1. In 4.4.2 Depression Behavioral Examination, duration of observation in FST should be mentioned.
2. There is one more space in last line on page 5.

Author Response

Please see the attachment

Author Response File: Author Response.pdf

Round 2

Reviewer 2 Report

The authors have addressed the first major concern in my comments. As for the second, I reserve my opinion.

In response from authors, ‘In summary, information suggests that pathologies can be improved by TRPV1 functional reduction which attenuates the pain mechanisms, in the form of TRPV1 gene deletion or TRPV1 antagonists’.

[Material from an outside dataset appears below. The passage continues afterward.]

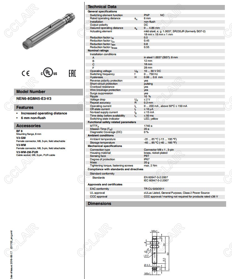 NEN6-8GM45-E3-V3,電感式接近開(kāi)關(guān)

This statement contradicts the results shown in Fig.2-6 that EA upregulated the expression of TRPV1 in AS+EA group. Why there is no significant difference between AS and AS+KO group in Fig.1, if TRPV1 functional reduction improve the pathologies.

Author Response

Thank you for your comment.

With regards to the specific reduction of TRPV1 in improving pathological responses, this decrease specifically would refer to the attenuation of only pathological nociceptive responses as supported by the aforementioned literature. However, the AS model used in our study depictes states of comorbidity that feature both hyperalgeasia and psychological abnormalities with specificity to depression. To this end, our paper indicates that TRPV1 is an important underlying pathological influencer in the acquisition and expression of CPDC. Moreover, EA ameliorates this condition through its interaction with the TRPV1 channel and related molecules. With respect to the question raised regarding Figure 1 and the lack of effect observed in the TRPV1 KO channel in behavioural examinations, the discussion reflects that the action of TRPV1 is not singular in CPDC, which would suggest other potential targets that could be explored in future studies. Furthermore, we observe that TRPV1 does not necessarily respond to all behaviours. Several receptors/ion channels such as ASIC3 or voltage gated sodium channels were also reported involving in this model.

Round 3

Reviewer 2 Report

Thank you for your response. I hope you get more stronger evidences to support your conclusion. 

Author Response

We revised the conclusion section "In conclusion, we determined significant differences in the pain and depression behaviours in AS-induced CPDC mice. We conclude that AS-induced CPDC directly influences the acquisition and expression of TRPV1, pmTOR, Nav1.7, Nav1.8, pPI3K, NMDAR1, pPKCε, pAkt, TrkB, pNFκB, GABAAα1, pPKAIIα, pCREB and pERK in the cerebellum via either Western blot or Immunofluorescence evidences." (Page 12, highlighted in yellow.)